• TRY IT: Copy exactly the line containing "Beta Glass Plc" and all the lines that follow it to the end of the records, minus the pictures.

• RECORDS TO USE:
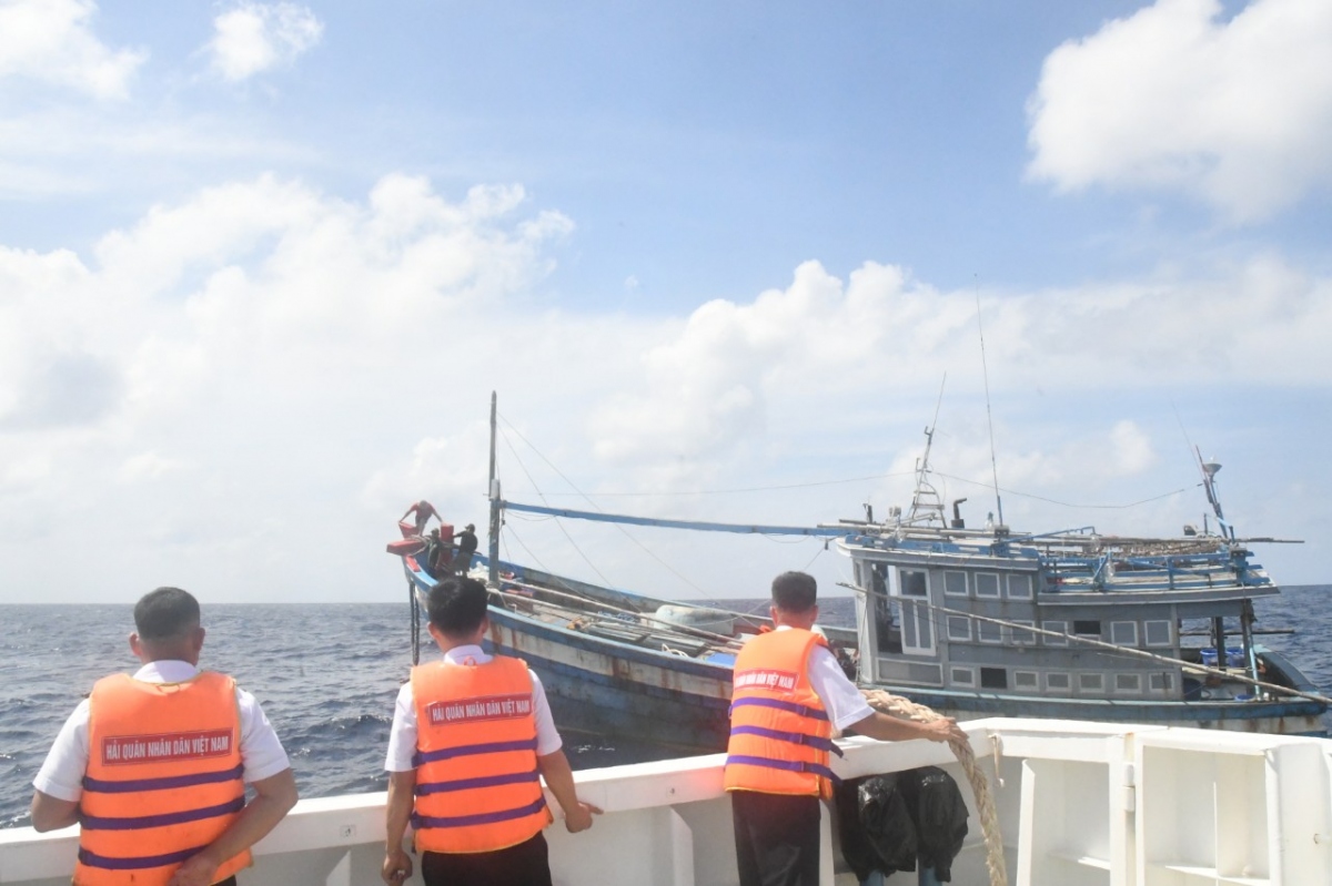 KH98246TS号是庆和省渔船,主要从事金枪鱼捕捞,船上有船长和3名船员。2月18日下午,这艘渔船发动机发生故障,船上人员无法修理,船在海上漂游,船长即发信号,请求职能部门帮助。(完)
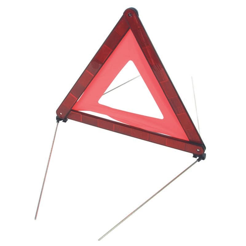 Reflecterende gevarendriehoek. Voor het waarschuwen van andere weggebruikers van de mogelijke gevaren. Komt overeen met de Europese richtlijn ECE27.
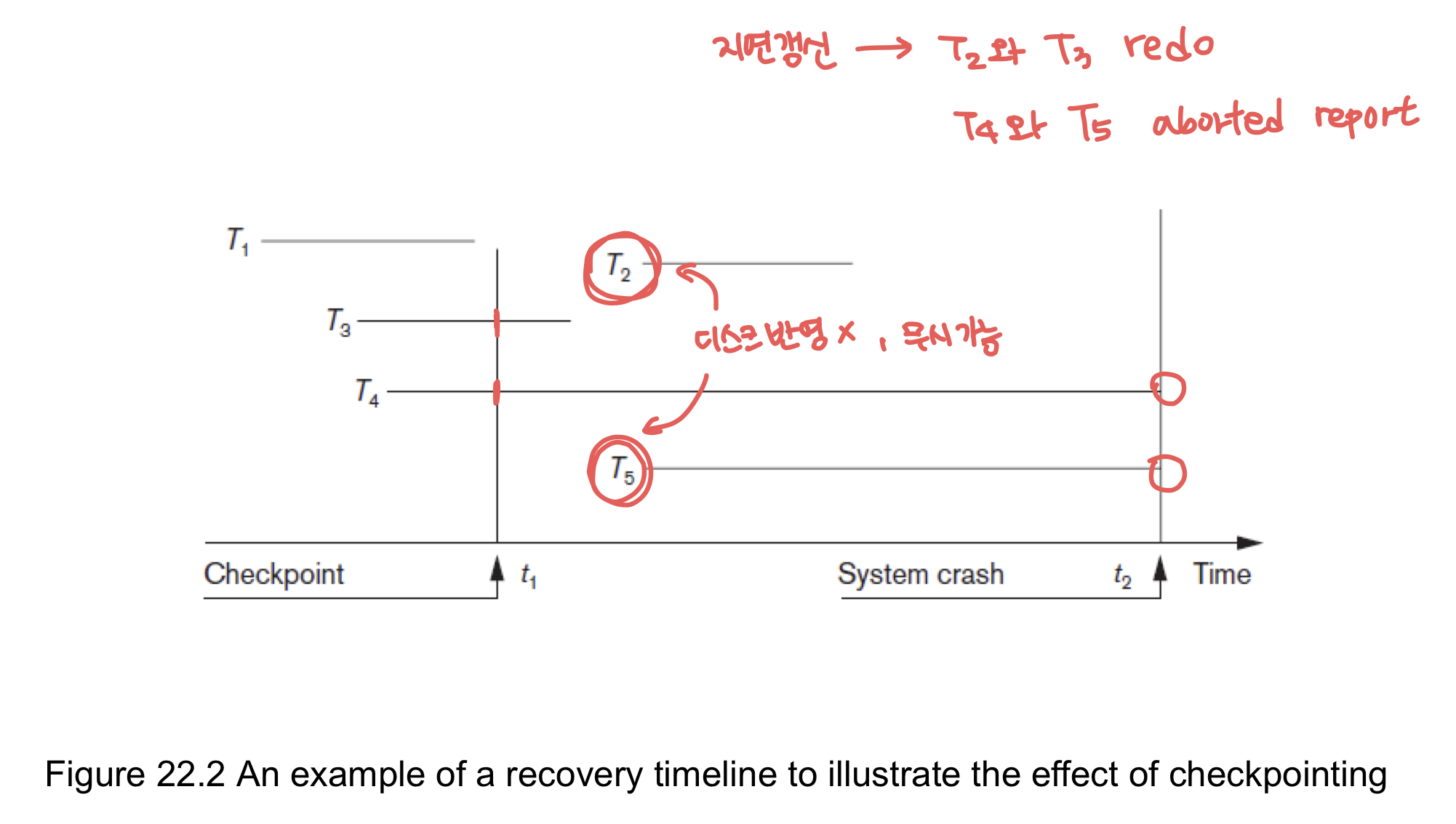 모든 transaction의 실행을 미루고 Force-write all main memory buffer한다.
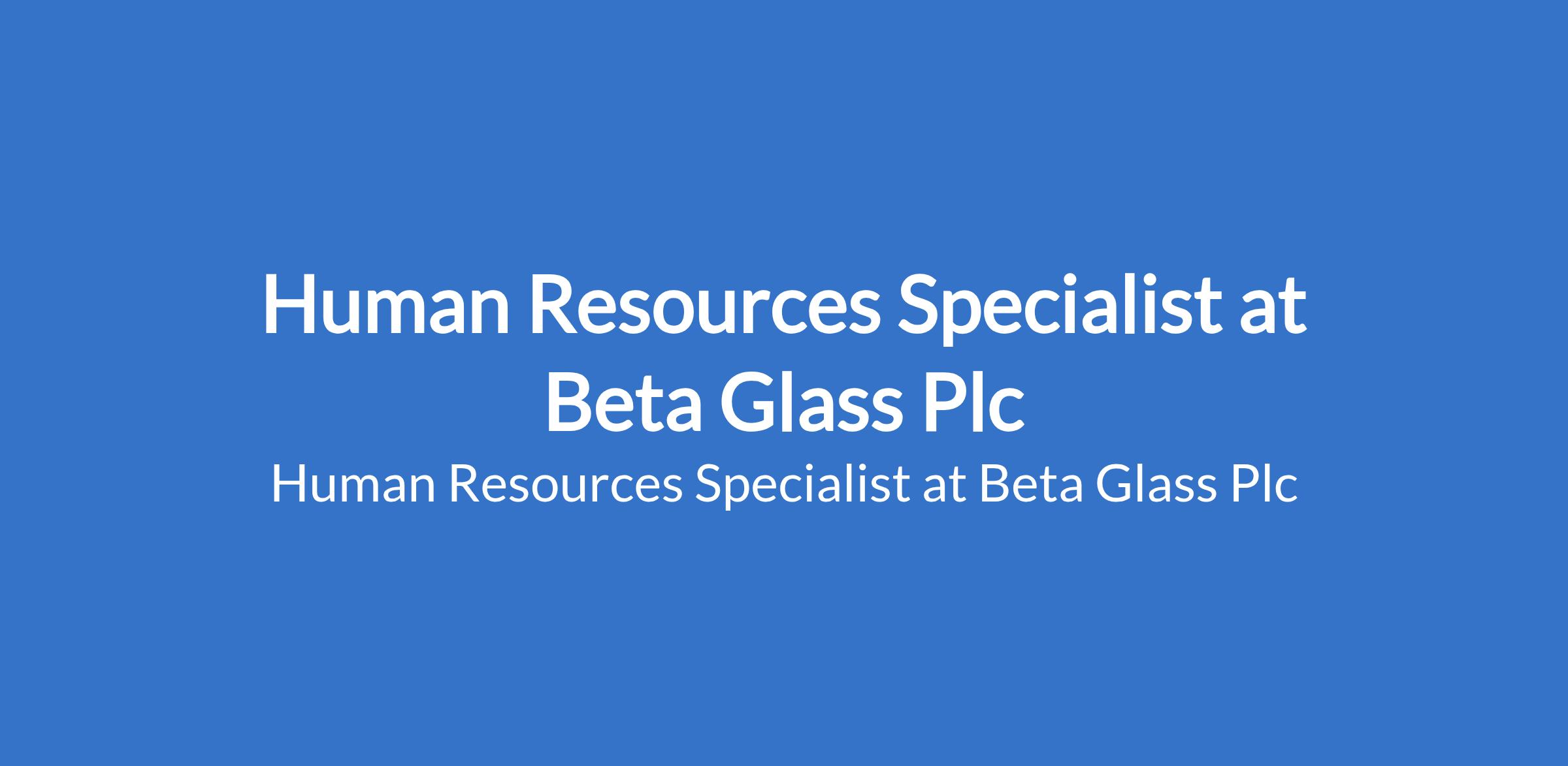 Beta Glass Plc is recruiting to fill the position of: Human Resources Specialist. The position is located in Lagos State. Interested candidates should possess a Bachelor's Degree or Higher National Diploma (HND) in Human Resources, Business Administration, or other related fields with 1 - 3 years experience in a similar role.
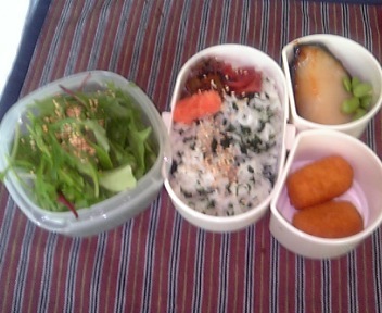 今日も元気の元、お弁当です♪ 今日のご飯は青じそと刻んだ梅干しと胡麻をまぶしてみました。右上のおかず入れは昨日に続き、鱈の西京焼(よく見えないけど)と、あさりのしぐれ、彩りにミツバを添えました。真ん中のおかず入れは、エビカツと、ソーセージと、冷凍の野菜揚げだんご。サラダは水菜と、ベビーリーフと、トマト、トッピングは、五穀ふりかけ。デザートはヨーグルトとブルーベリー。今日も、もずくのスープもつけました♪(^-^)b

• ANSWER AREA:
 Beta Glass Plc is recruiting to fill the position of: Human Resources Specialist. The position is located in Lagos State. Interested candidates should possess a Bachelor's Degree or Higher National Diploma (HND) in Human Resources, Business Administration, or other related fields with 1 - 3 years experience in a similar role.
 今日も元気の元、お弁当です♪ 今日のご飯は青じそと刻んだ梅干しと胡麻をまぶしてみました。右上のおかず入れは昨日に続き、鱈の西京焼(よく見えないけど)と、あさりのしぐれ、彩りにミツバを添えました。真ん中のおかず入れは、エビカツと、ソーセージと、冷凍の野菜揚げだんご。サラダは水菜と、ベビーリーフと、トマト、トッピングは、五穀ふりかけ。デザートはヨーグルトとブルーベリー。今日も、もずくのスープもつけました♪(^-^)b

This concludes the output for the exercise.